KUALA LUMPUR (June 8): Global businesses, especially in rapidly growing economies like Malaysia and South East Asia, are facing growing threats of distributed denial of service (DDoS) attacks, according to a report released by Akamai Technologies Inc.

Akamai is an internet services provider based in Cambridge, Massachusetts, United States.

In its report titled State of the Internet for the first quarter of 2016 (1QFY16), it saw a 126% year-on-year (y-o-y) increase in total DDoS attacks across its Akamai Intelligent Platform.

According to its website, the platform is the world's largest cloud-based platform for securely distributing and accelerating web content, enterprise applications and video.

Sectors that remain a key focus area for attacks include financial services, software and technology, media and entertainment, public sector assets, education, internet and telecom assets, retail, gaming, hotel and travel service providers, the report stated.
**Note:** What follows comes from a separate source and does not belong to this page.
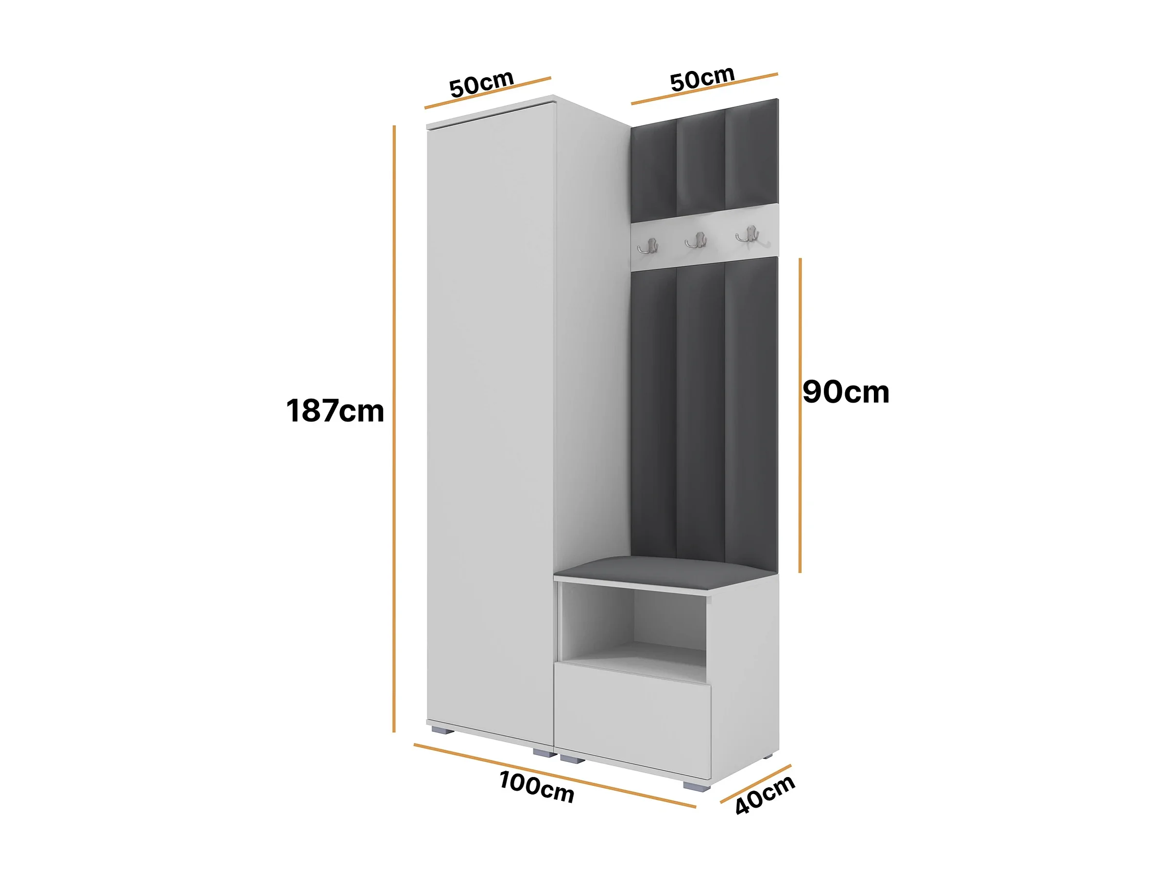 Garderobe Nela I LUX - 100 cm - Matt Weiß - Trinity 15 - Dunkelgrau

In terms of DDoS attack sources, China took the lead with 27%, while the United States came in second with 17%, and Turkey was third with 10% of attacking IP addresses.
 
This was the second consecutive quarter that Turkey made the top 10 list.
 
Sixty percent of the attacks that occurred in 1QFY16 used at least two attack vectors at once, making defense more difficult.
 
“The continued rise of multi-vector attacks suggests that attackers or their attack tools are growing more sophisticated,” the report stated.

An attack vector is a path or means by which a hacker or cracker can gain access to a computer or network server to wreak havoc. A multi-vector attack is known as the most complex type of DDoS attack.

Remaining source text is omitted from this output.